Литмир - Электронная Библиотека

Жена ответила не сразу, что меня чуть успокоило. Я сказал, что все еще в поездке, что Кот умерла, что был на кладбище и что сам приеду вскоре, как только доберусь до аэропорта. Связь оборвалась, я отослал фотографию могилы и тут же выключил телефон, ощущая острый запах чего-то медицинского, больничного, которым меня вымазали в девкалионском жилище. Я весь благоухал йодом, как ссадина.

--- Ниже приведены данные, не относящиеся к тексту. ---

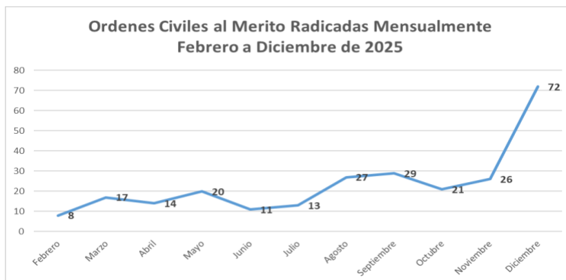
Gráfico No. 2. Postulaciones mensualmente recibidas en secretaria General

Así mismo, en el Grafico 2., se puede visualizar la cantidad de postulaciones que se recibieron y radicaron mensual en la Secretaria General del Organismo de Control, las cuales fueron puestas a consideración del Comité de Acreditación para otorgar la Orden Civil al Mérito José Acevedo y Gómez:
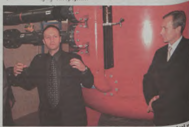
Podczas otwarcia przedstawiciel firmy wykonawczej wprowadził dane techniczne, parametry pomp oraz wyjaśniał zasady filtracji.
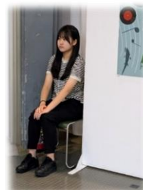
▲ボランティアの活動風景
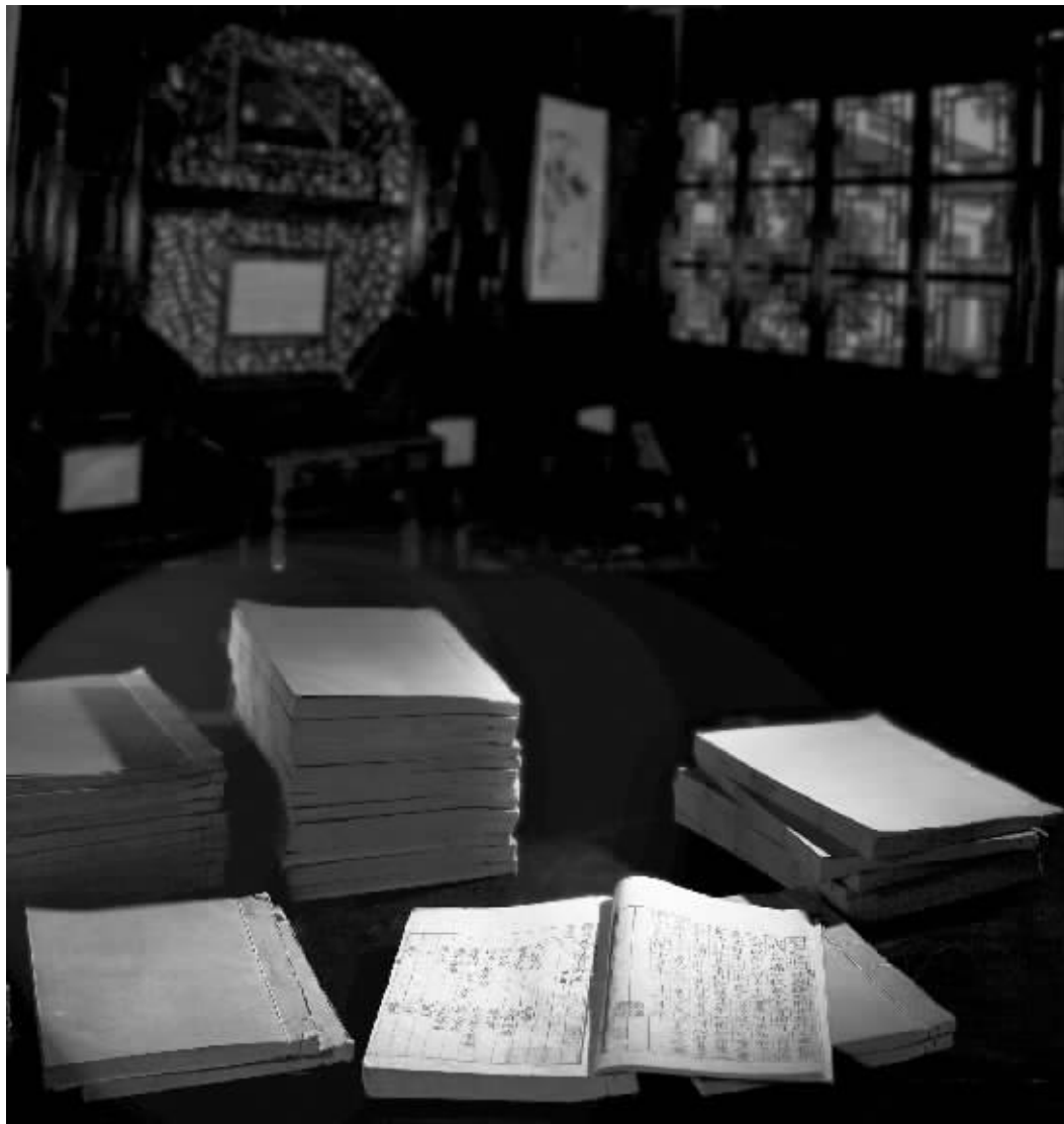
过云楼藏书之《锦绣万花谷》

Солнце Невады испепеляет реальность. Вдруг впереди появляется голубоватая дымка – соляная пудра, поднятая с солончака порывом ветра. Песочные смерчи вспыхивают и гуляют там и здесь, внезапно подлетая к обочине, и, провожая автомобиль, отплясывают, крутясь юлой, как суфий[10], и так же внезапно шумно отдаляются. По сторонам изредка возникают уединенные ранчо – в сущности, свалки прожитых здесь предметов: подобные каравеллам автомобили 1960-х, циклопические грузовики конца 1980-х, разные поколения мобильных домов, превращенные в сараи. Вокруг на сотни миль простираются военные полигоны, сообщающиеся с миром только при помощи самолетов. В 1950-х ядерный гриб виден был из Лас-Вегаса, а сейчас с гражданских дорог можно увидеть, как стратосферу пронзает баллистическая ракета, после чего небо дышит свечением ионизованного воздуха, подобным полярному сиянию.

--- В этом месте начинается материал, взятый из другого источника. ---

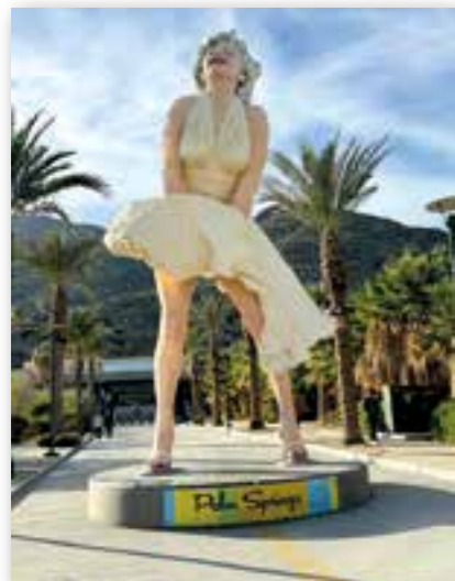
Palm Springs og Marilyn Monroe.

Но вот Невада позади, и я на пороге заповедника Сион. Юта полна библейских топонимов, точно так же, как среди девкалионов предостаточно имен героев Пятикнижия. Те самые нефийцы, среди которых проповедовал Девкалион, названы были по имени Нефия – пророка и народного лидера, который с семьей покинул Иерусалим в седьмом веке до Рождества Христова и прибыл в Америку, чтобы привить здешним народам монотеистическое свободолюбие израильтян. Не знаю, есть ли среди девкалионов верование, что они одно из затерянных колен Израиля. Знаю только, что книга Девкалиона среди прочего содержит краткую запись летописи древних нефийцев.

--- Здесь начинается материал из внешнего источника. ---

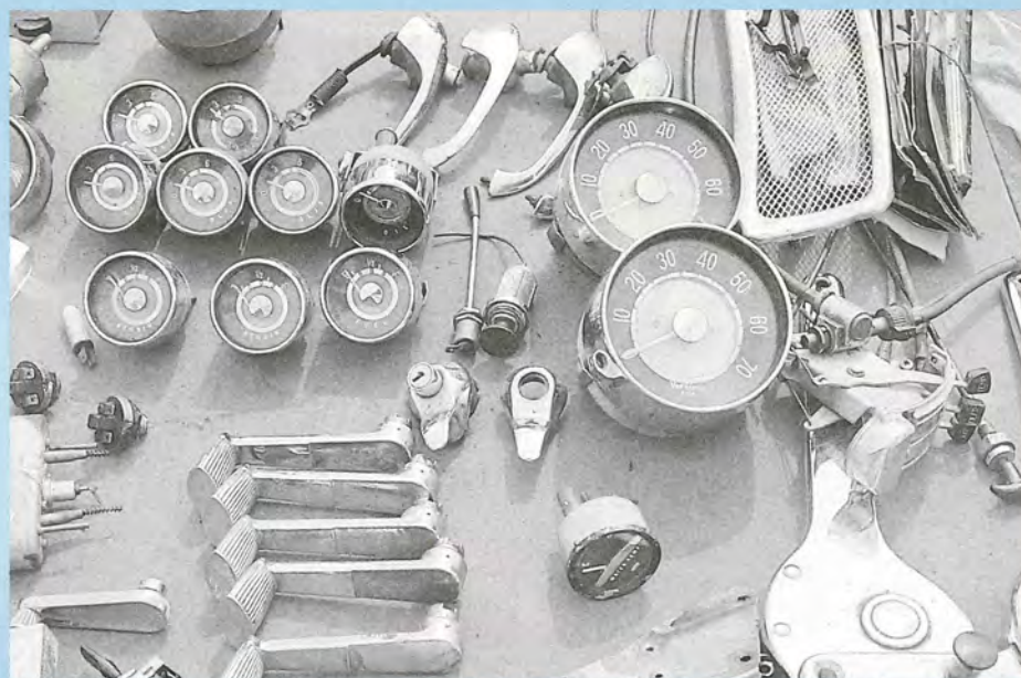
För dem som hade ett renoveringsprojekt på gång, fanns de flesta delar att hitta på marknaden utefter depågatan.

В Сион я въехал в сумерках и ничего толком не успел рассмотреть, кроме приковывающих взгляд красноватых скал. Я нашел отель, поселился и тут же упал в бассейн, откуда, хорошенько отмокнув, отправился в ближайший ресторанчик, где выудил из меню местную форель, зажаренную во фритюре, и бутылку белого из Napa Valley. Ужинал я на террасе с Млечным Путем наедине, проступившим брошенной в синий бархат горстью соли. Осознав это, я понял, что возвращаюсь к жизни. Я позвонил отцу, мы немного поболтали. Я рассказал ему о своих приключениях, но он впечатлился слабо. Эта его отстраненность показалась мне подозрительной. Когда-то она означала, что он собирается уйти в отрыв, исчезнуть без предупреждения на некоторое время. Что ж поделать? Я никогда ни в чем не был способен его переубедить.

Что касается местных особенностей в обычаях, то из-за принципиальной герметичности девкалионов узреть что-то необычное шансов не было; правда, трудно было не заметить, что в Юте на заправках и в магазинчиках владельцы не здороваются с посетителями. Такое со мной случалось лишь в Эдинбурге, но шотландцы вообще ребята суровые.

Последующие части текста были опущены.